_COLLECTED DATA_
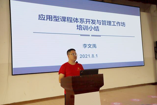8月1日下午,讲师团团长李文禹老师为此次应用型课程体系开发与管理工作坊培训做小结。他表示,在为期两天的培训中,参加培训的老师们积极性高,课后作业完成质量高,对学员团队所表现出的高度的组织性和纪律性、学习态度、出勤情况、作业完成情况做出了积极的评价。
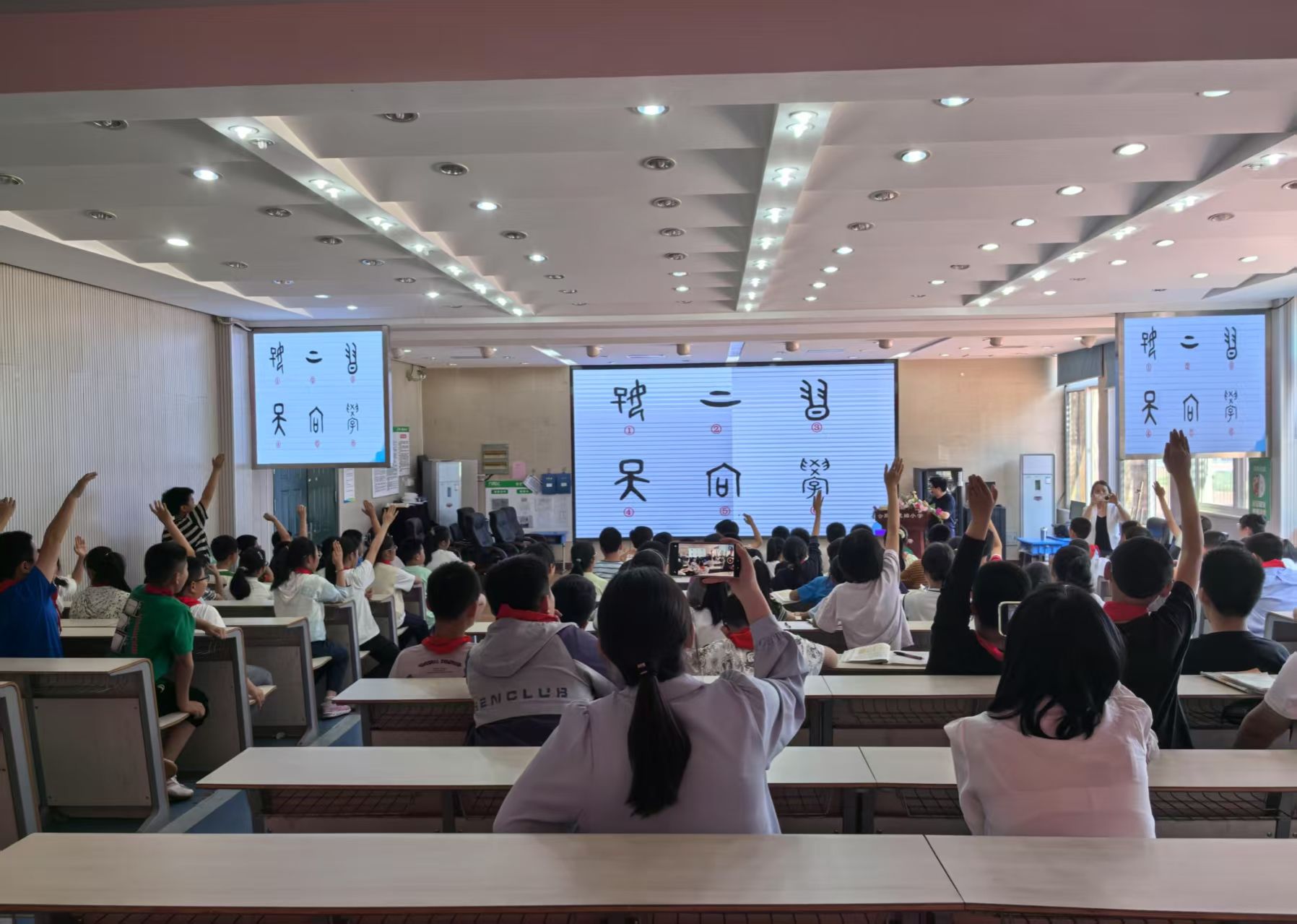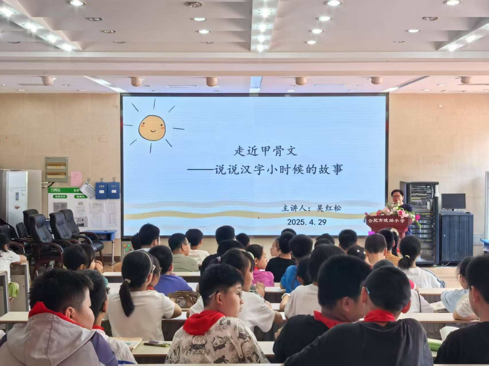 吴红松以《甲骨文的探秘之旅》为题,给孩子们讲授 “汉字小时候的故事”。从汉字的起源、甲骨文的发现与制作过程到汉字形体的演变,以小学生乐于接受的形式深入浅出、娓娓道来,同学们热情高涨,积极参与互动交流。
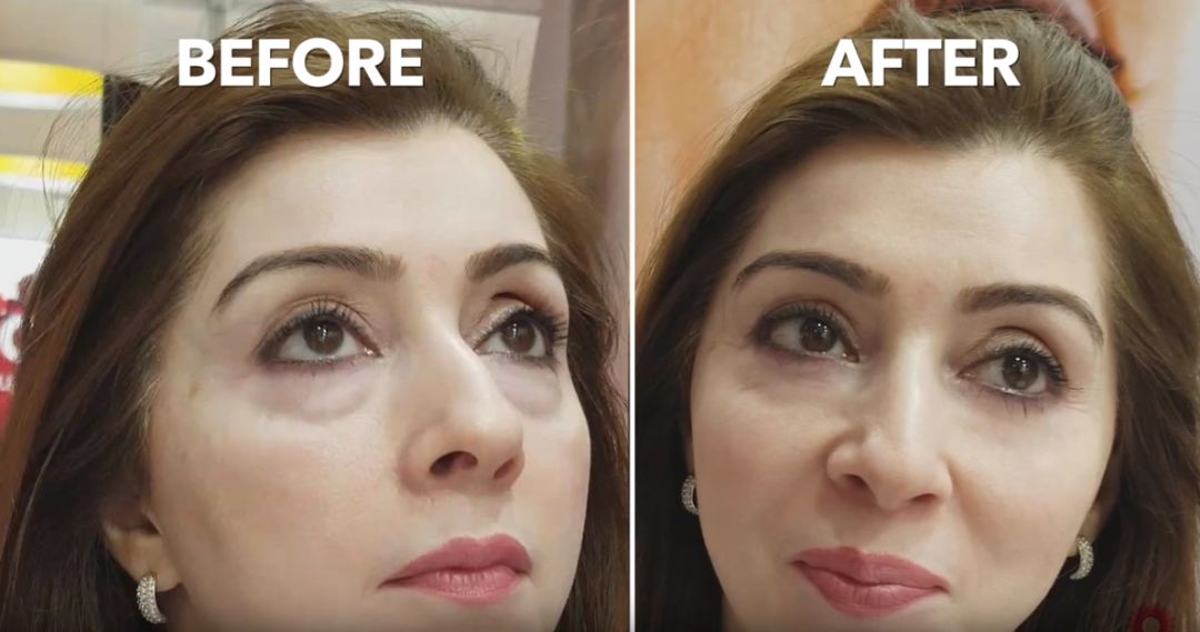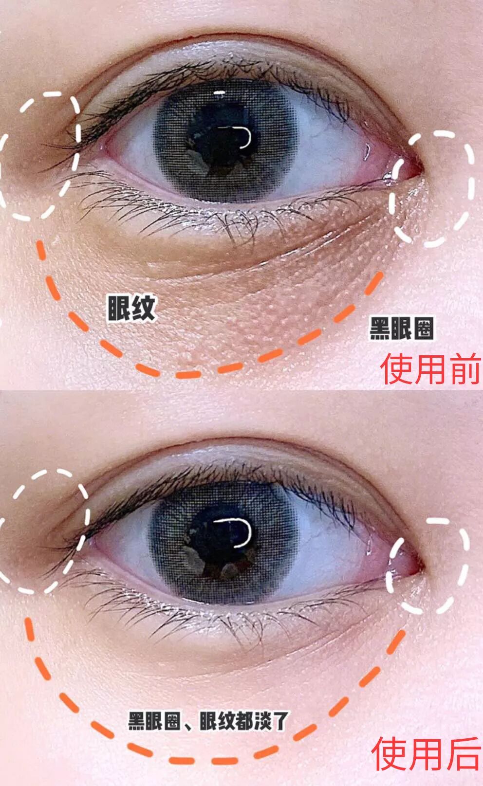 这哪是现场涂了个眼霜,这是现场抽了脂吧!恨不得耷拉到苹果肌上的眼袋真的就在5分钟彻底消失!黑眼圈也不见了!
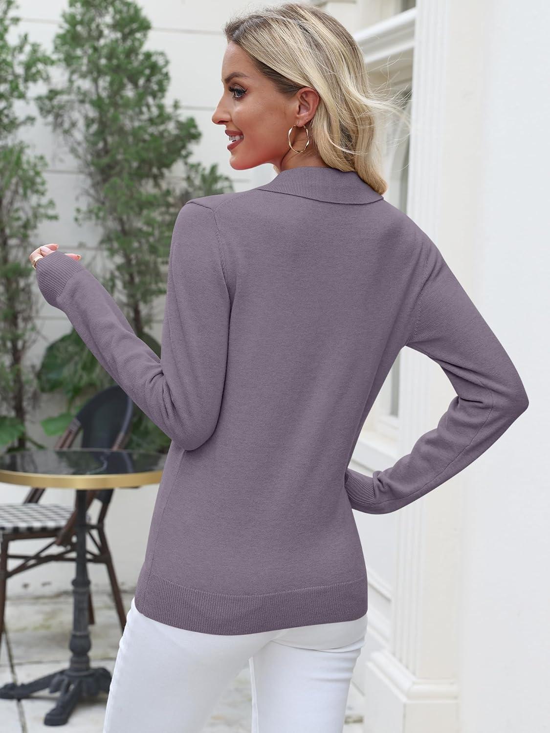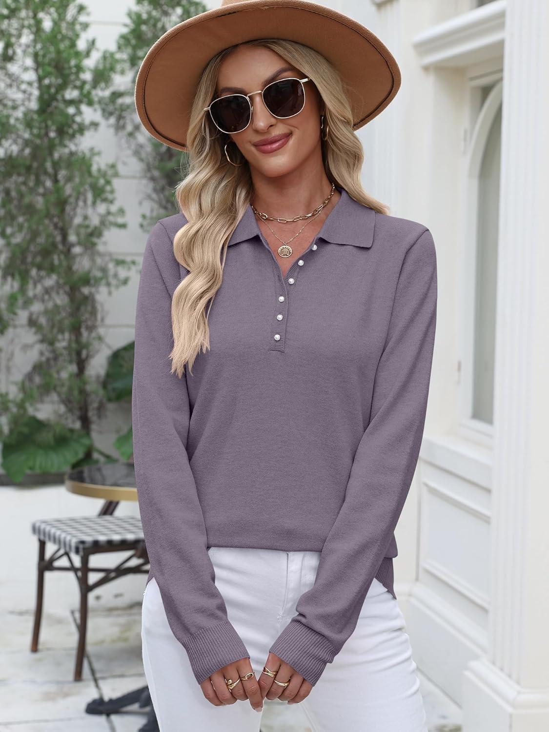 imageANRABESS Womens Long Sleeve Polo Sweaters Knit Button Shirt Lightweight Dressy Casual Basic Pullover Tops 2025 Fall FashionLight Blue

_PROMPT_
Please print everything in the material exactly, apart from the pictures.

_ANSWER TO THIS TASK_
8月1日下午,讲师团团长李文禹老师为此次应用型课程体系开发与管理工作坊培训做小结。他表示,在为期两天的培训中,参加培训的老师们积极性高,课后作业完成质量高,对学员团队所表现出的高度的组织性和纪律性、学习态度、出勤情况、作业完成情况做出了积极的评价。
 吴红松以《甲骨文的探秘之旅》为题,给孩子们讲授 “汉字小时候的故事”。从汉字的起源、甲骨文的发现与制作过程到汉字形体的演变,以小学生乐于接受的形式深入浅出、娓娓道来,同学们热情高涨,积极参与互动交流。
 这哪是现场涂了个眼霜,这是现场抽了脂吧!恨不得耷拉到苹果肌上的眼袋真的就在5分钟彻底消失!黑眼圈也不见了!
 imageANRABESS Womens Long Sleeve Polo Sweaters Knit Button Shirt Lightweight Dressy Casual Basic Pullover Tops 2025 Fall FashionLight Blue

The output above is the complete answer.